Smithfield resumes acquisitions on the meat market

03.02.2005, 00:00 14



US meat industry giant Smithfield, which has annual sales of 10 billion dollars, is in advanced talks for the acquisition of new assets on the Romanian market in the form of Prodaliment Salonta (Bihor). This comes after paying 33 million dollars (27 million euros) last year for the former pig breeding complex ComTim Timisoara.



"We are in talks with Smithfield to sell the majority stake after some months ago our attempt to sell a part of the assets failed," says Sandu Nicolae, the majority shareholder in Prodaliment Salonta, which owns two farms and a slaughterhouse in the region, including a cold meats plant.

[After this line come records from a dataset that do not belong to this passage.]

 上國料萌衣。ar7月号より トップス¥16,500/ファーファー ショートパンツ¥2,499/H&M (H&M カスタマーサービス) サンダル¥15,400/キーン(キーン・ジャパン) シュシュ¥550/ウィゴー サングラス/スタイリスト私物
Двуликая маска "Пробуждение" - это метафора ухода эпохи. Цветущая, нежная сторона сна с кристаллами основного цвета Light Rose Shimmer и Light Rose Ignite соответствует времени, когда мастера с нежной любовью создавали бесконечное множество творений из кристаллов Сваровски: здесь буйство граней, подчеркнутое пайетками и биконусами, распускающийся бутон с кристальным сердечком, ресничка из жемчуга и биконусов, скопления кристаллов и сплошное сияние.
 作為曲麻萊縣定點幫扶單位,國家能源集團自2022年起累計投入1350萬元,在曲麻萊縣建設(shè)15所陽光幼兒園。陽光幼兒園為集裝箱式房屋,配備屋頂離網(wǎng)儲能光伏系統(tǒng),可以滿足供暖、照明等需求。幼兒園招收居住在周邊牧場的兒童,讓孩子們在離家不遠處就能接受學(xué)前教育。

Industry sources say the value of the transaction is likely to reach several million euros.



Smithfield also announced their interest in the raw-dried cold meats plant that Principal Construct Prahova (a former asset of the ComTim complex) owns in the region, but its majority stakeholder, Claudiu Ciuciureanu, has continually denied the existence of talks or having been contacted by representatives from Smithfield.



Bjarne Jakobsen, general manager of Agrotorvis SRL, the vehicle through which Smithfield bought ComTim assets, denied the existence of any deal but confirmed there existed interest in the assets of Salonta.



"We have made no acquisition in Salonta, but in Romania there are enough high-performing plants that could whet our appetite for an acquisition," says Jakobsen. The move, however, is creating confusion on the market, particularly since the Americans, in ComTim, already own the assets they are to buy in Salonta.



The only explanation provided by industry analysts is the extremely slow and long-lasting process entailed in the re-starting of a plant the size of ComTim and the Americans' wish to kick-start their activities on the Romanian market as soon as possible.



Smithfield already began hiring personnel for ComTim some months ago and announced, during an important delegation to Bucharest, that they had an investment plan of 350 million dollars.



Although in global terms Smithfield last year acquired 22% in Campofrio Alimentacion of Spain, which in Romania owns the cold meats producer Tabco-Campofrio (with deals worth 25 million euros in 2004), for the time being they do not have any joint plan with the Spanish for the Romanian market.



In Poland, for instance, the Americans and the Spanish have entirely separate businesses, with meat product brands and separate farms. Late last year, Smithfield paid the Spanish 50 million dollars for the majority stake they owned in Morliny.